The German Catholic Tagespost writes that there have been no less than 202 anti-Semitic incidents in the country after the terrorist invasion by Hamas on October 7th. On most occasions, the state of Israel was “demonised and de-legitimised” in those incidents.

Earlier this week, the synagogue in the Berlin Brunnenstrasse was attacked by two Molotov cocktails, as CNN reported.

The police of the capital city speak about a “religious war in the streets of Berlin”. More than eighty police agents have been wounded in action against pro-Palestinian demonstrations. Glorification of Hamas terror is no exception in the Palestinian communities in Berlin, Idea reports.

In Switzerland, the Christian Democratic group EDU went so far as to start a petition to ban Hamas, as Zukunft-CH reports. In five days, already 10,000 people had signed this petition.


In other countries, there is political debate. The European Parliament supported the right to self-defence for Israel unequivocally on Wednesday.

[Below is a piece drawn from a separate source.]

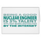 Being a Good Nuclear Engineer Is 3% Talent and 97% Not Being Distracted By the Internet. If Nuclear Engineering is your hobby, occupation, or obsession, show it with great Nuclear Engineering t-shirts, mugs, stickers, and more. They're also great gifts for other Nuclear Engineering fans!

But from the left, there were voices of protest against Israel’s handling of the Palestinian issue.

The same pattern is visible in the member countries.

In the Netherlands, the combined Labour-Green left-wing group regretted the support for a supporting resolution in the Dutch Lower House. The Reformed SGP leader Christ Stoffer had tabled this motion. The new alliance, led by the former EU Commissioner Frans Timmermans, voted for this resolution in the Parliament but apologised for this later, according to Euractiv. “We should have made a different choice here,” they said in a press release.